Bégaiement, extrait, page 69 : « Que seraient les savoirs d’un travailleur social sans cette compétence [de bégaiement], sans hésitation, sans doute. Des certitudes massives et grandiloquentes qui ne pourraient s’accorder avec l’incertitude des personnes vulnérables dont ils ont la charge, ou des certitudes universelles qui ne pourraient s’accorder avec la singularité des situations dans lesquelles ils ont quelque chose à faire. »

Bricolage, extrait, page 74 : « Dans le travail social, bricoler un mode d’intervention représente une garantie pour les bénéficiaires contre les tentatives de capture de leur existence, des modes d’intervention “tout faits”, prêts à l’emploi et exigeant d’être appliqués tels quels.
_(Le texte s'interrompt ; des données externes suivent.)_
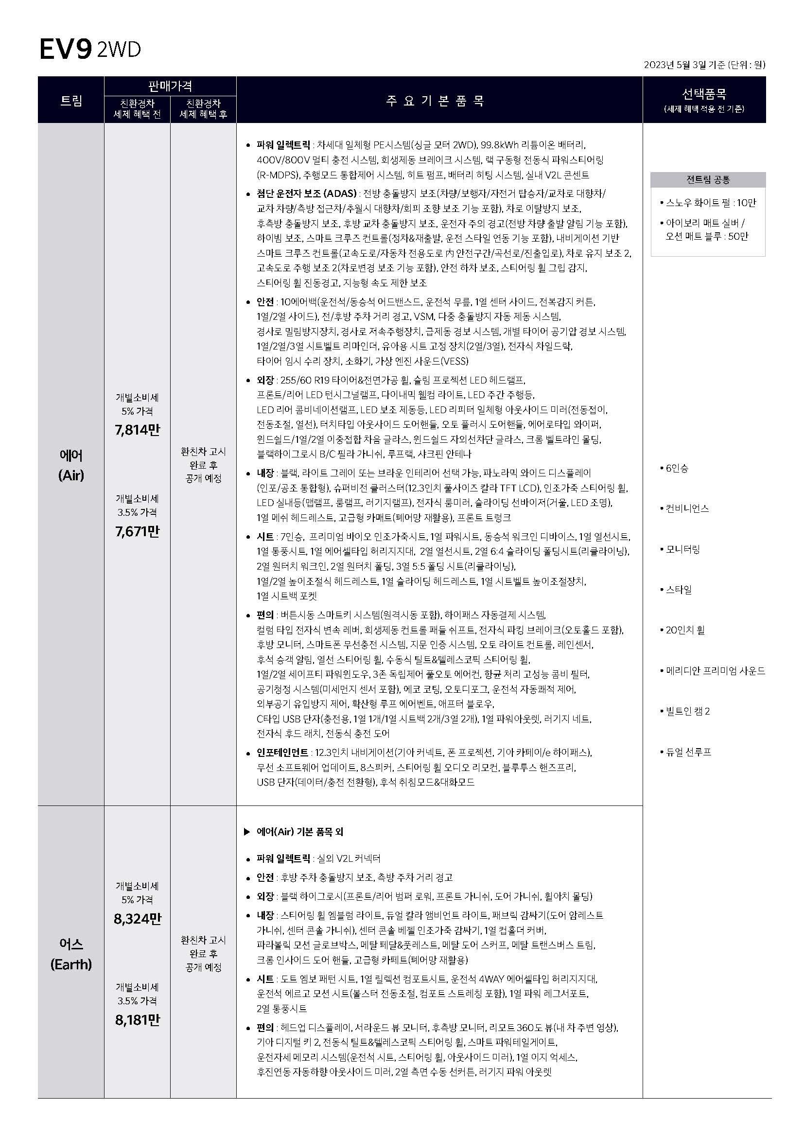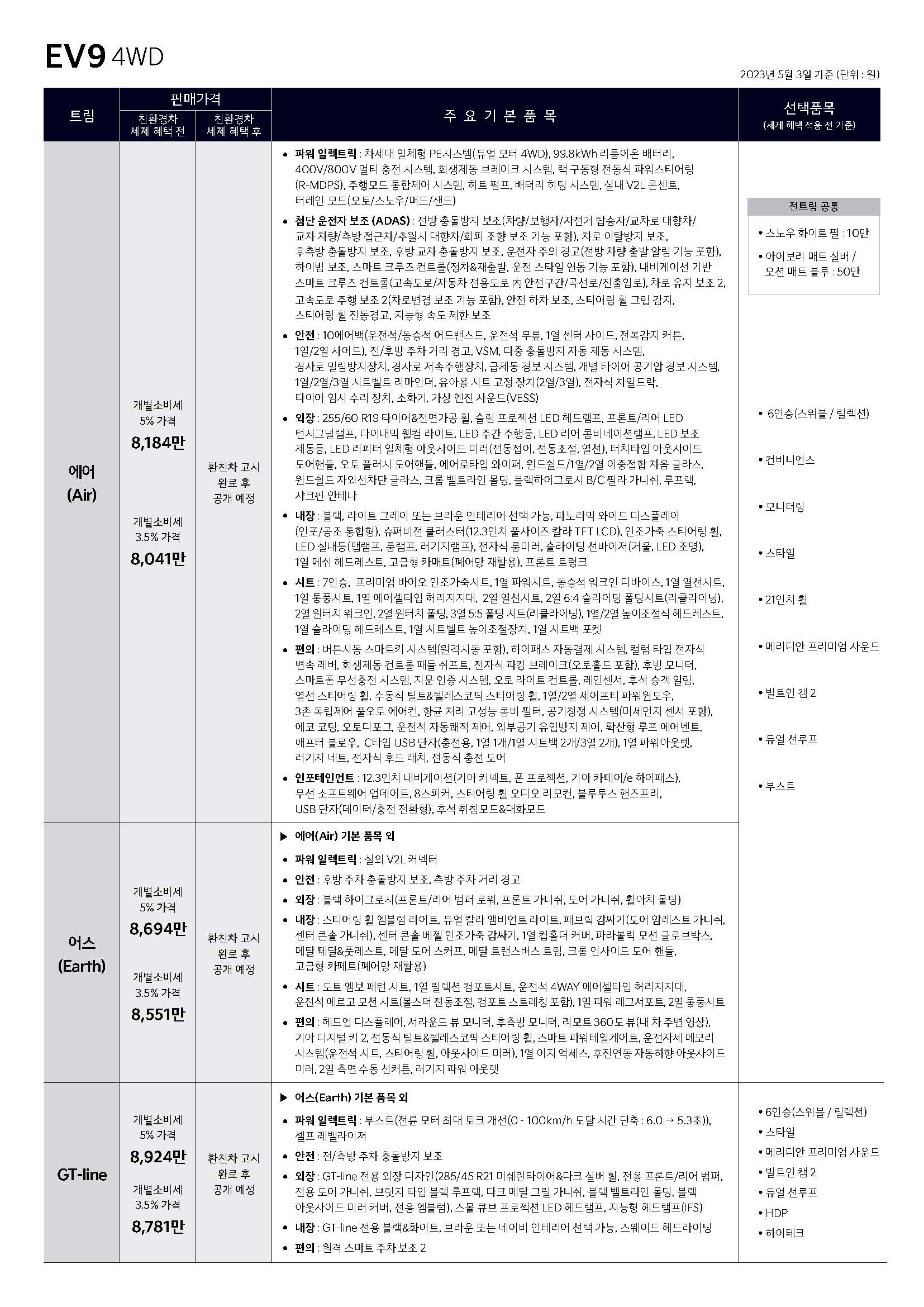 기아의 EV9은 총 5개의 트림으로 구성되어 있습니다. 개별 소비세 3.5%를 적용할 경우 친환경차 세제 혜택 전 가격은 7,671만원에서 트림에 따라 8,981만원까지 이르고 있습니다.
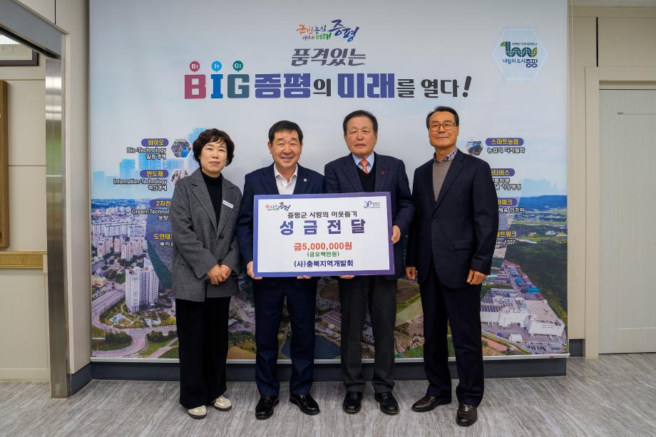 충북지역개발회, 증평군에 이웃돕기 성금 500만원 기탁

Cependant, le bricolage a mauvaise réputation et parfois, tout en bricolant, il est nécessaire de montrer que l’on applique rigoureusement une méthode. Les systèmes d’évaluation n’intègrent que difficilement le bricolage. »

Rhizome, extraits, page 389 : « Le concept de “rhizome” attire l’attention vers la multiplicité des liens qui se tissent entre un individu et son environnement. (…) Le rhizome connecte des éléments apparemment disparates et multiples. Il ne contient ni sujet ni objet, mais “des déterminations, des grandeurs, des dimensions qui ne peuvent croître sans qu’elles changent de nature.” »

Ce dictionnaire de 83 mots est aussi singulier parce que tout y est mouvant, tout change, évolue, se transforme au fil des rencontres, des lieux, du temps. Et chaque lecteur va reconnaître ses doutes d’aujourd’hui, ses contradictions d’hier, ses paradoxes de demain. Le comble ? Claude de Jonckheere ne donne aucune solution. Son livre nous oblige tout simplement à essayer de construire posément et sensément les problèmes. Un livre de chevet dans lequel chaque lecteur peut puiser au hasard et, quelle que soit son humeur, trouver des ingrédients pour mieux penser sa présence au monde et aux humains et agir plus sereinement.